In 1861, the British Raj, in directly governed British territories, replaced the criminal offences and punishments set out in the Mughal Fatawa 'Alamgiri, with those of the 1862 Indian Penal Code, section Section 377 covering homosexuality. The law stated: "Whoever voluntarily has carnal intercourse against the order of nature with any man, woman or animal, shall be punished with [imprisonment for life], or with imprisonment of either description for a term which may extend to ten years, and shall also be liable to fine. Explanation: Penetration is sufficient to constitute the carnal intercourse necessary to the offense described in the section." The law was drafted by Thomas Babington Macaulay, who based it on anti-sodomy laws that already existed in Britain." The term "order of the nature" was never defined, hence considering its vagueness, the law could apply to virtually any sexual act considered against this order by the British Judiciary, which included all penetrative sexual acts, except for vaginal penetration by a man. There are not many cases that were tried under this law, though, as there were only exist 5 recorded cases that were tried under Section 377 India till 1920. The law had a larger impact on social values than legal ones. The anti-sodomy law in Britain and, in turn, India, was inspired by the 'purity campaign', an ideology that aimed at repressing sexual conduct in British society. This campaign also changed the perception and beliefs about sexualities in the European society.

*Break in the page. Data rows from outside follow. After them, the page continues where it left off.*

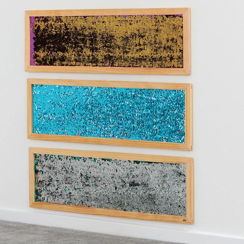 Add dazzle to your walls with these long wood and sequin boards. Stroking sequins in different directions changes colours for impermanent creative expression.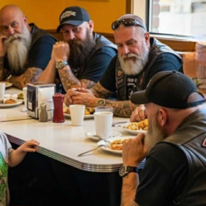 In a cozy diner nestled in a peaceful small town, a group of bikers settled into a corner booth after hours on the open road. Their leather…
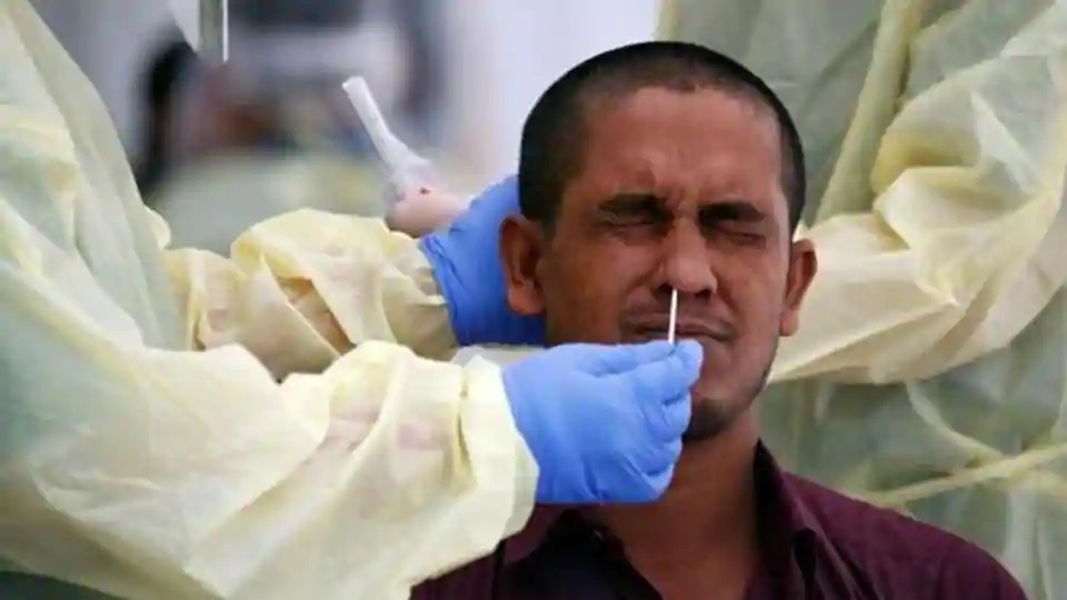 Medical workers perform a nose swab on a migrant worker at a dormitory, amid the coronavirus disease (Covid-19) outbreak in Singapore.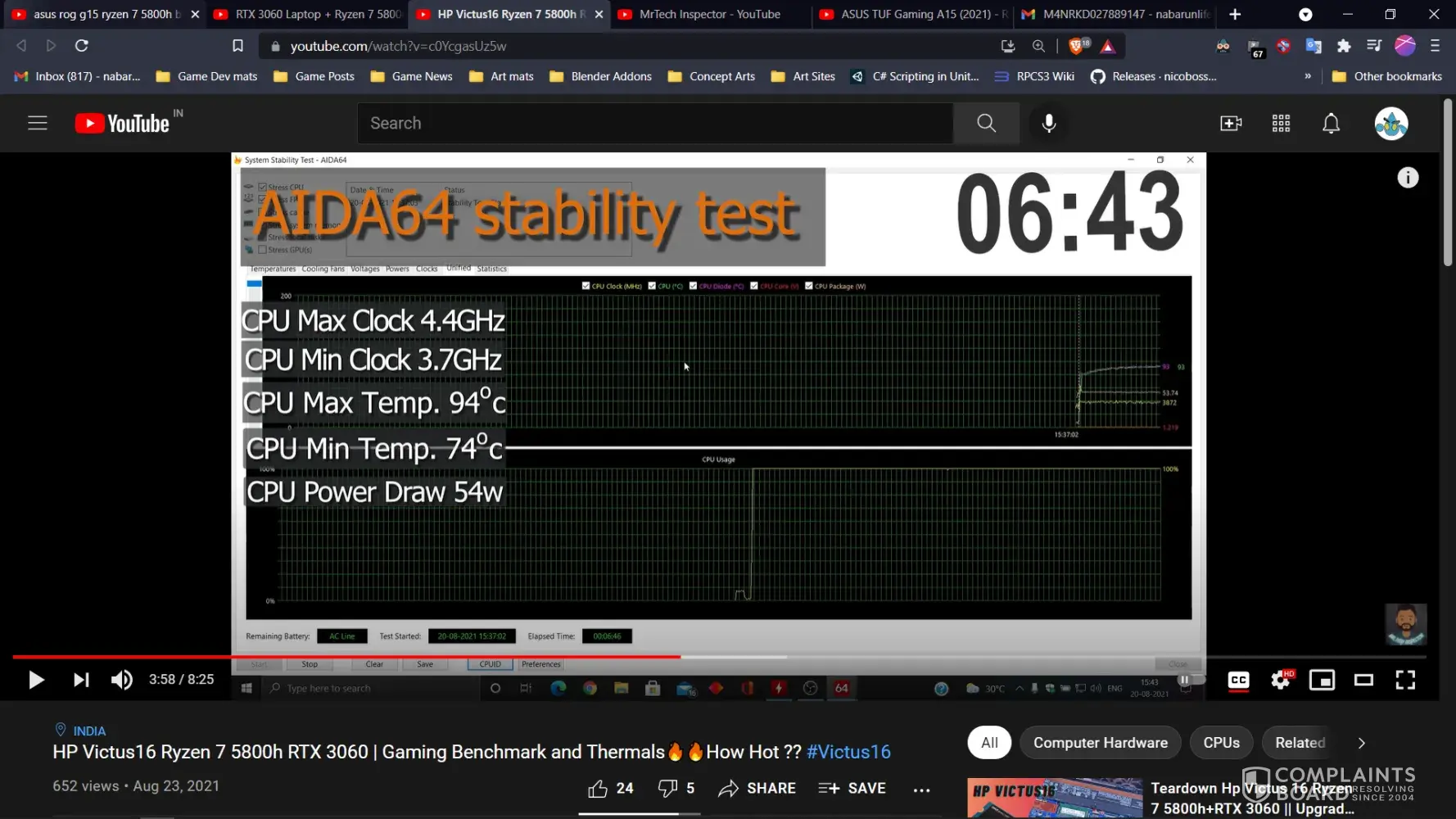 -Also check out this Asus Tuf A15 performance having same CPU Ryzen 5800H and GPU RTX 3060

In 1871, the hijra were labelled a "criminal tribe" in the Criminal Tribes Act (1871). Eventually, they were subjected to compulsory registration, unlawful monitoring, and stigmatization. British Lieutenant-Governor Edmund Drummond (1814–1895) framed the anti-hijra campaign as a necessary project of "extinguishment" and "extinction." The surveillance methods were enacted over communities with hopes to eradicate hijras permanently.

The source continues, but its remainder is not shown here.